Einde inhoudsopgave
Richtlijn 86/635/EEG betreffende de jaarrekening en de geconsolideerde jaarrekening van banken en andere financiële instellingen
Artikel 37
Geldend
Geldend vanaf 23-12-1986
- Bronpublicatie:
08-12-1986, PbEG 1986, L 372 (uitgifte: 31-12-1986, regelingnummer: 86/635/EEG)
- Inwerkingtreding
23-12-1986
- Bronpublicatie inwerkingtreding:
08-12-1986, PbEG 1986, L 372 (uitgifte: 31-12-1986, regelingnummer: 86/635/EEG)
- Vakgebied(en)
Jaarrekening (V)
1.
Artikel 39 van Richtlijn 78/660/EEG is van toepassing op de waardering van door kredietinstellingen gehouden vorderingen, obligaties en andere vastrentende waardepapieren, alsmede aandelen en andere niet-vastrentende waardepapieren die niet behoren tot de financiële vaste activa.
2.
Tot een latere coördinatie kunnen de Lid-Staten evenwel toestaan dat:
- a)
vorderingen op kredietinstellingen en cliënten (actiefposten 3 en 4), alsmede obligaties en andere vastrentende waardepapieren, en aandelen en andere niet-vastrentende waardepapieren welke in de actiefposten 5 en 6 worden opgenomen, niet behoren tot de financiële vaste activa in de zin van artikel 35, lid 2, en geen deel uitmaken van de handelsportefeuille, tegen een lagere waarde worden opgenomen dan die waartoe toepassing van artikel 39, lid 1, van Richtlijn 78/660/EEG zou leiden, indien zulks om redenen van voorzichtigheid wegens de bijzondere, met het bankbedrijf samenhangende risico's geboden is.

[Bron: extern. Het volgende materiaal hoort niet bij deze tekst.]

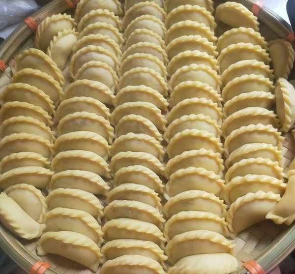 除了食材的不同,饺子和饺子的形状也不同。饺子只需要对折,但饺子必须有复杂的图案,当地人称之为“向日葵”。最后是馅料,可以加糖、榛子和芝麻,也可以加肉馅。赵妈妈正在做肉馅。将新鲜的半肥猪肉剁成肉末,加入荞麦,也就是小葱。萝卜干和萝卜干,烤干沥干水分后,加少许蚝油和糖调味,然后擀成又白又肥的角。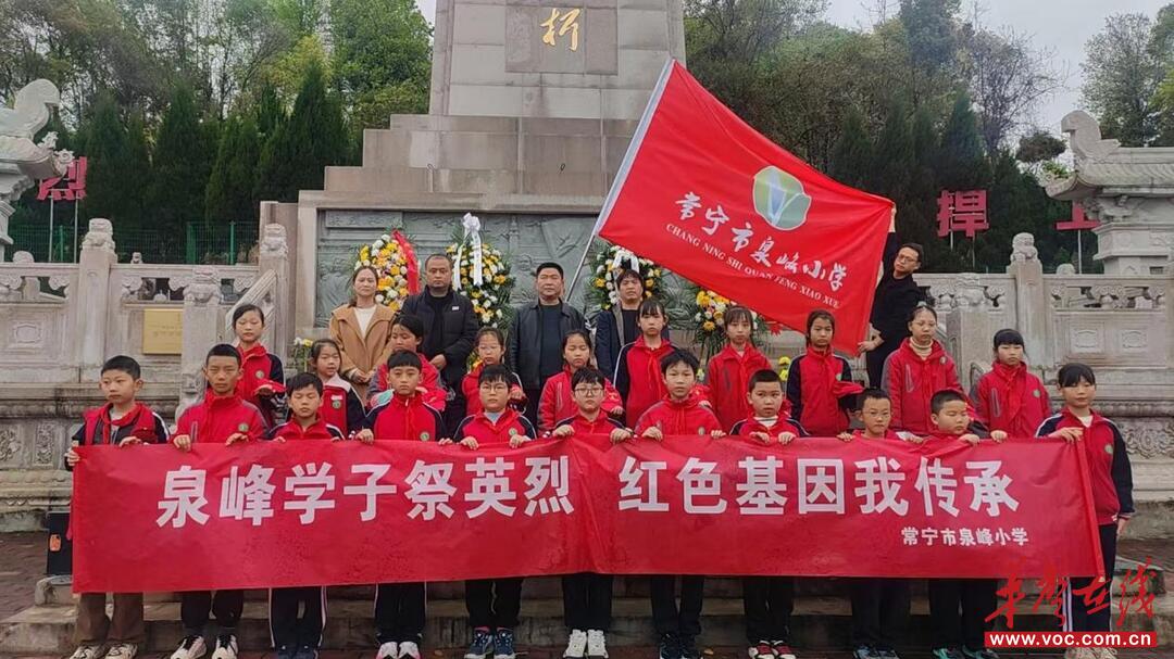 华声在线4月8日讯(通讯员 雷发丹)3月31日上午,常宁市泉峰小学少先队大队部在学校德育处的组织下,前往砚池山烈士陵园开展“泉峰学子祭英烈 红色基因我传承”清明祭扫活动。德育处主任黄薇带领处室成员全程参与,少先队辅导员詹宇主持仪式。
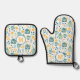 Blue Gold Tea Time Pattern Monogram Oven Mitt & Pot Holder Set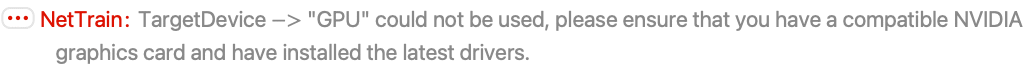 If a compatible GPU is not available, a message is issued and $Failed is returned: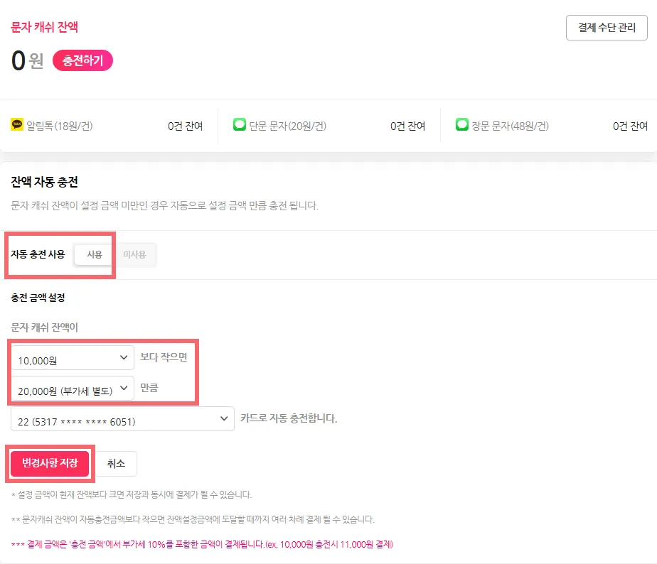 매번 수동 충전이 번거로운 경우, 자동 충전 사용 기능을 설정할 수 있습니다.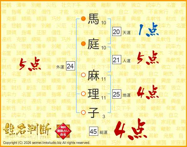 馬(10画)庭(10画) 麻(11画)理(11画)子(3画)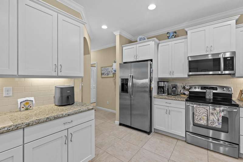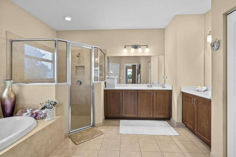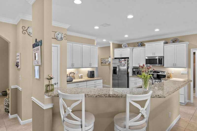 Absolutely stunning former model home built by DR Horton! This solid CBS residence features a classic barrel tile roof, brick paver driveway, showcasing timeless curb appeal. Offering 4 bedroom 2 baths and a spacious open-concept floor plan with split bedrooms this home is both elegant and functional. Enjoy modern fans and stylish light fixtures throughout. Along with a separate laundry room for added convenience. Step outside to your private oasis featuring a beautiful heated pool and spa-perfect for entertaining or relaxing year-round. The oversized 2+ Car Garage provides extra space for storage. Located in The Pines a desirable community offering a park, playground, half basketball court, picnic area, and a fitness trail idea for outdoor fun and staying active. Top Rated A+ School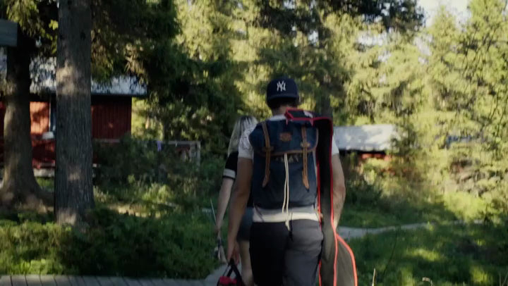 Friends walking through a lush forest on a sunny summer day in Lulea, Sweden. Handheld shot following a small group on a wooden boardwalk.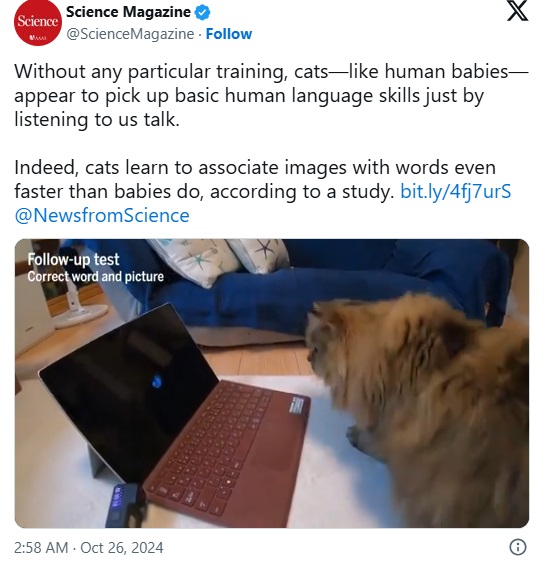 ขณะที่ทารกวัย 14 เดือน ต้องทำแบบทดสอบ 16-20 รอบถึงจะเชื่อมโยงรูปภาพกับคำได้ แต่แมวโตเต็มวัยสามารถเชื่อมโยงรูปภาพกับคำหลังผ่านการทดสอบเพียง 4 รอบเท่านั้น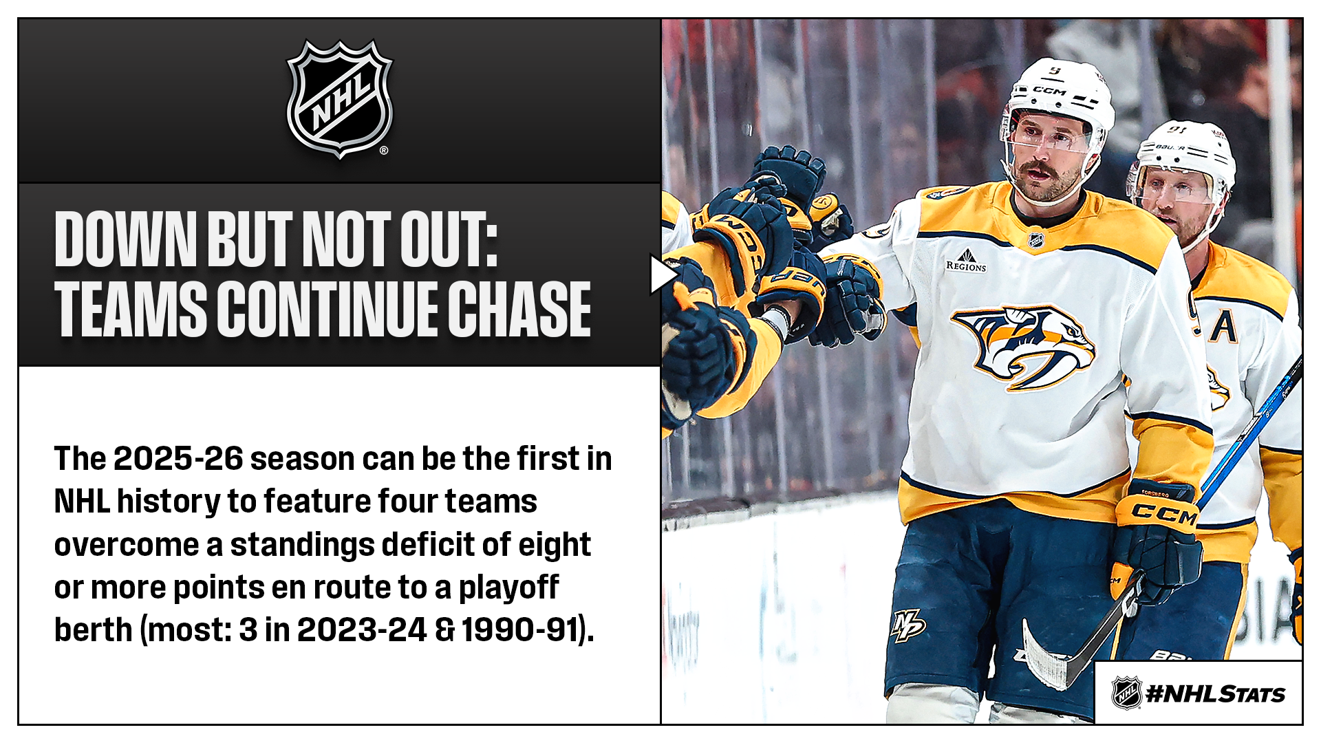 Filip Forsberg (1-0—1) scored one of his team’s five goals and Justus Annunen turned aside all 43 shots he faced – tied for the second most in a shutout win in franchise history – to help the Predators (37-31-10, 84 points) leapfrog the idle Kings (32-26-19, 83 points) for the final Wild Card position in the West. Nashville is looking to overcome a standings deficit of 11 points to make the postseason for the second time in franchise history (also 2020-21) and is one of several teams that have faced a sizable deficit this season that are still in the chase (also STL: 14, NSH: 11, WPG: 11, OTT: 10, CBJ: 9, WSH: 8) – Buffalo (8) has already clinched.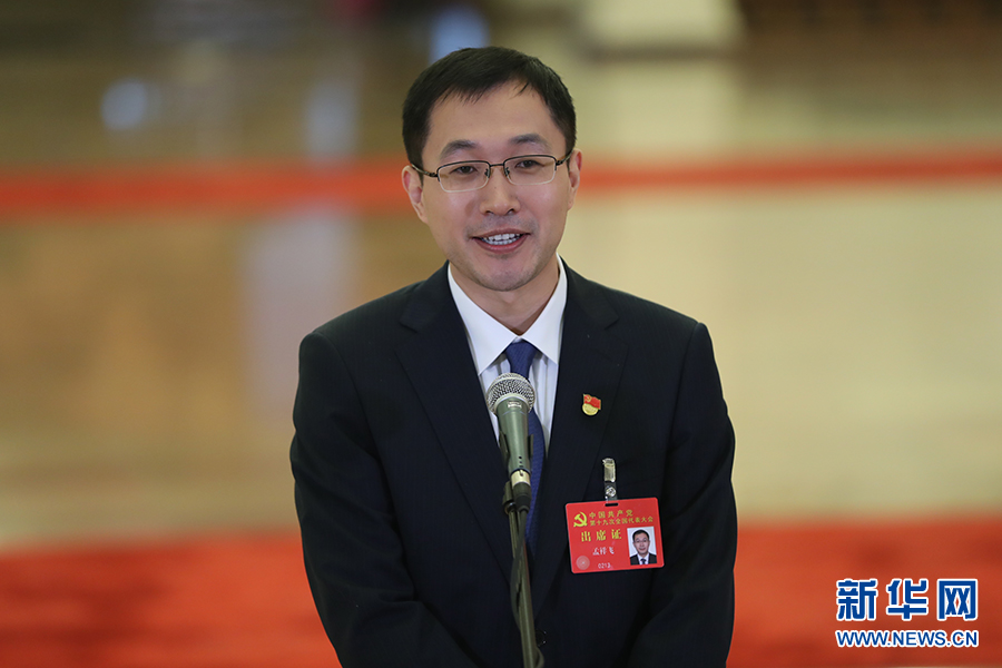 10月19日,“黨代表通道”第二場采訪活動在人民大會堂舉行。圖為孟祥飛代表接受采訪。新華網(wǎng) 翟子赫 攝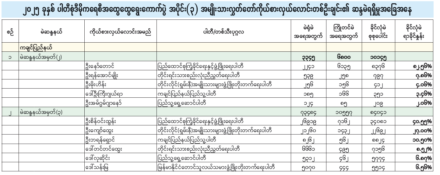 ၂၀၂၅ ခုနှစ် ပါတီစုံဒီမိုကရေစီအထွေထွေရွေးကောက်ပွဲ အပိုင်း(၃) အမျိုးသားလွှတ်တော်ကိုယ်စားလှယ်လောင်းတစ်ဦးချင်း၏ ဆန္ဒမဲရရှိမှုအခြေအနေ 01/30/2026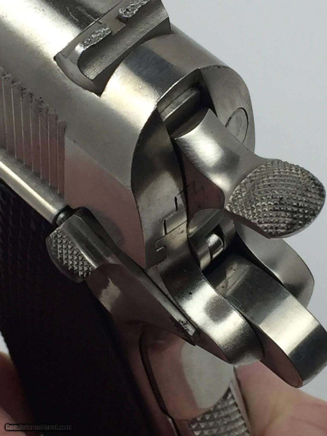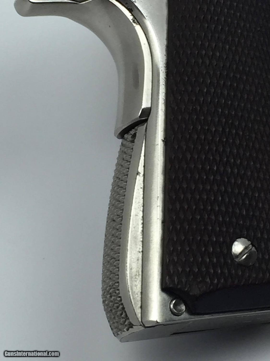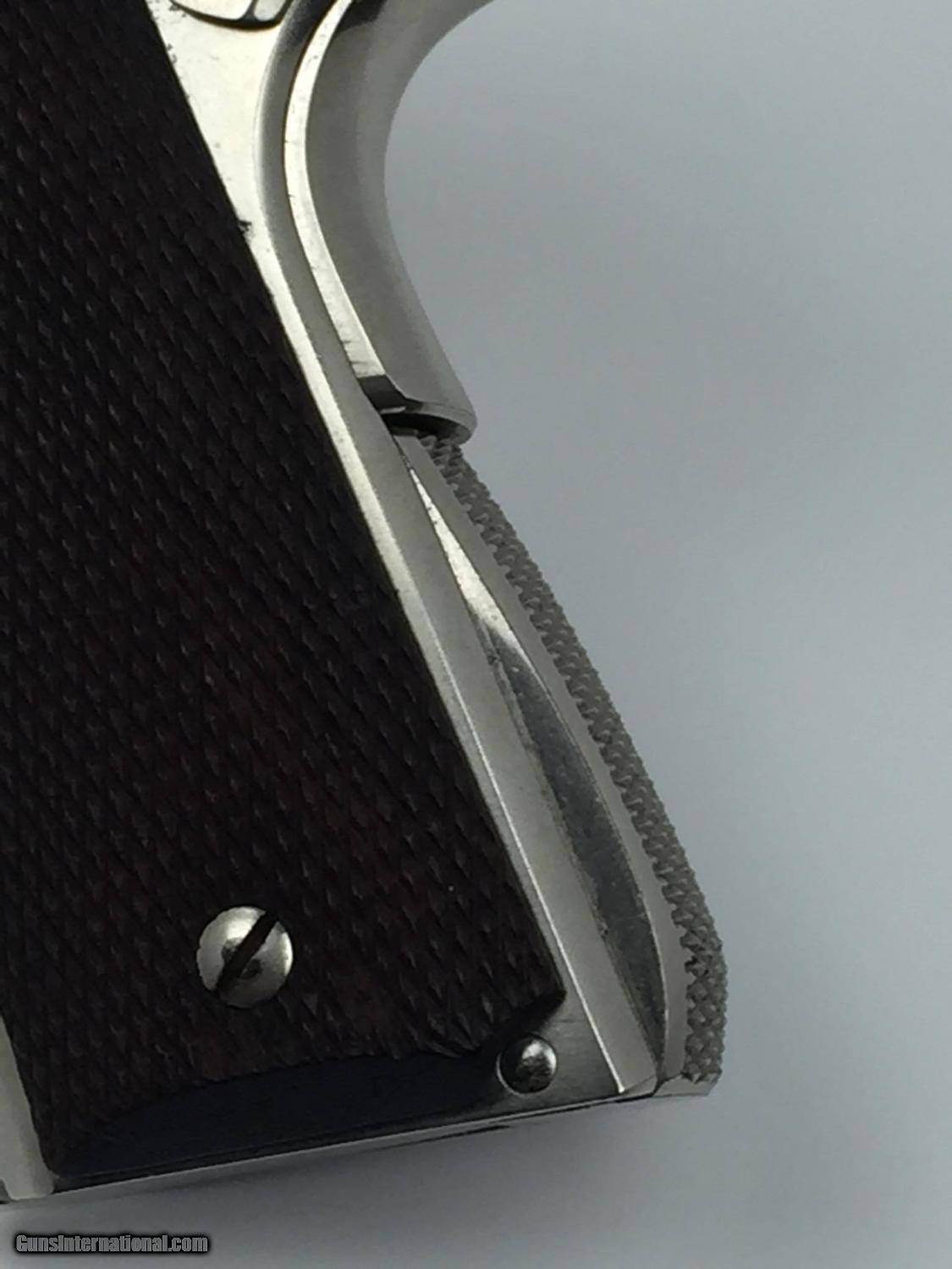 Description: 1933 COLT 1911 CHAMBERED IN 38 SUPER!!! THIS IS AN ORIGINAL FACTORY COLT NICKELED PISTOL! I DO HAVE THE COLT ARCHIVE LETTER TO VERIFY EVERYTHING. THE OVERALL CONDITION OF THIS IS 95%. ONLY 900 PRE-WAR NICKEL 38 SUPERS WERE MADE AND OVER HALF WERE SENT TO FOREIGN MARKETS FOR SALE. THAT LEAVES ONLY ROUGHLY 400 OF THESE WERE LEFT IN THE UNITED STATES. WITH HOW DELICATE THE NICKEL IS MOST OF THOSE WERE EITHER RE-NICKELED OR BLUED. TO FIND AN ORIGINAL NICKEL FINISH IS EXTREMELY RARE. AT BEST THERE ARE MAYBE 50-75 OF THESE THAT ARE MAYBE STILL AROUND IN THE COUNTRY BUT ITS HIGHLY DOUBTED. THIS IS A ONCE IN A LIFETIME BUY!!!! DONT MISS OUT! ALL LOCAL, STATE AND FEDERAL LAWS APPLY. PLEASE KNOW YOUR LAWS AS NO REFUND WILL BE GIVEN BACK TO PURCHASER WHO IS NOT ALLOWED TO OWN THIS FIREARM. FOR QUESTIONS CALL ALBERT AT OR .FOR INFO ON THE LAYAWAY PLEASE ASK. THERE IS A CREDIT CARD PROCESSING FEE. PLEASE ASK ABOUT RATES IF CONCERNED. I DO TRADE FOR OTHER FIREARM, GOLD, SILVER, PROPERTY, ECT. ALL FIREARMS ARE FOR SALE IN MY STORE AND REGUARDLESS OF RULES, THESE MIGHT SELL IN THE STORE AND I MISS TAKING DOWN THE ADD. REFERENCE A-2573 PLEASE CALL AS I DO NOT CHECK MESSAGES ON HERE. SOLD Curio/Relic: Yes Manufacturer: COLT Model: 1911A1 Serial Number: 15022 Caliber Info: 38 SUPER Bore: GREAT Chambers: GREAT Ejectors: GREAT Condition: 95% Metal Condition: 94% Wood Condition: 98% Bore Condition: GREAT Barrels: GREAT Action: SEMI Finish: NICKEL Manufacture Date: 1933 Item Location: CINCINNATI, OH |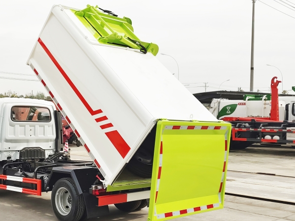 自裝卸式垃圾車是收集、中轉(zhuǎn)清理運輸垃圾,避免二次污染的新型環(huán)衛(wèi)車輛,其主要特點是垃圾收集方式簡便、高效、環(huán)保性好,整車?yán)眯矢?,廣泛適用于環(huán)衛(wèi)、市政、物業(yè)小區(qū)、垃圾多而集中的居民區(qū)、城市街道垃圾處理,均具有密封自卸功能,液壓操作,傾卸垃圾方便。 在底盤的基礎(chǔ)上,加裝垃圾箱體、連接附件、防護(hù)欄及液壓系統(tǒng)等裝置。具有操作安全、使用性能穩(wěn)定、返修率低、售后服務(wù)及時周到等特點。本產(chǎn)品主要用于收集與轉(zhuǎn)運城市住宅小區(qū)、鄉(xiāng)鎮(zhèn)街道等產(chǎn)生的生活垃圾。整車小巧靈活,行動方便,適應(yīng)人流密集的商業(yè)區(qū)域和道路交通情況較差的城鄉(xiāng)地區(qū)。本車配有側(cè)掛桶進(jìn)料機構(gòu),在翻桶處操作,可與120L/240L標(biāo)準(zhǔn)塑料桶對接。整車具有自卸功能,卸料方便。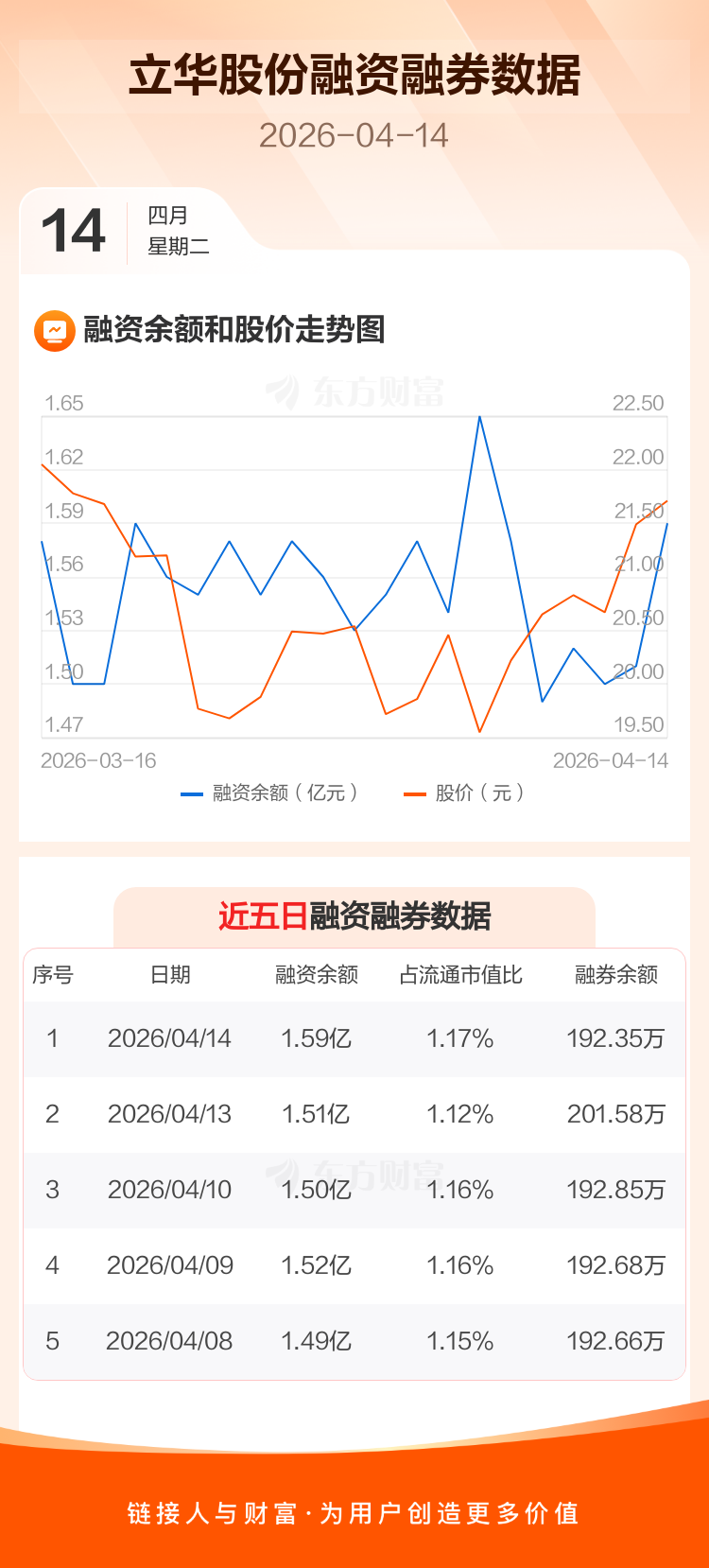 交易所最新数据显示,立华股份于2026年4月14日获融资买入2358.34万元,融资偿还1554.49万元,当日融资净买入803.85万元。目前,该股融资余额1.59亿,占流通市值比例为1.17%。

Het verschil tussen deze twee waarden mag evenwel niet meer bedragen dan 4 % van het totaalbedrag van deze activa na toepassing van voornoemd artikel 39;
- b)
de door toepassing van punt a) verkregen lagere waarde wordt aangehouden totdat de kredietinstelling besluit om deze aan te passen;
- c)
ingeval een Lid-Staat gebruik maakt van de door punt a) geboden keuzemogelijkheid, artikel 36, lid 1, van de onderhavige richtlijn en artikel 40, lid 2, van Richtlijn 78/660/EEG niet van toepassing zijn.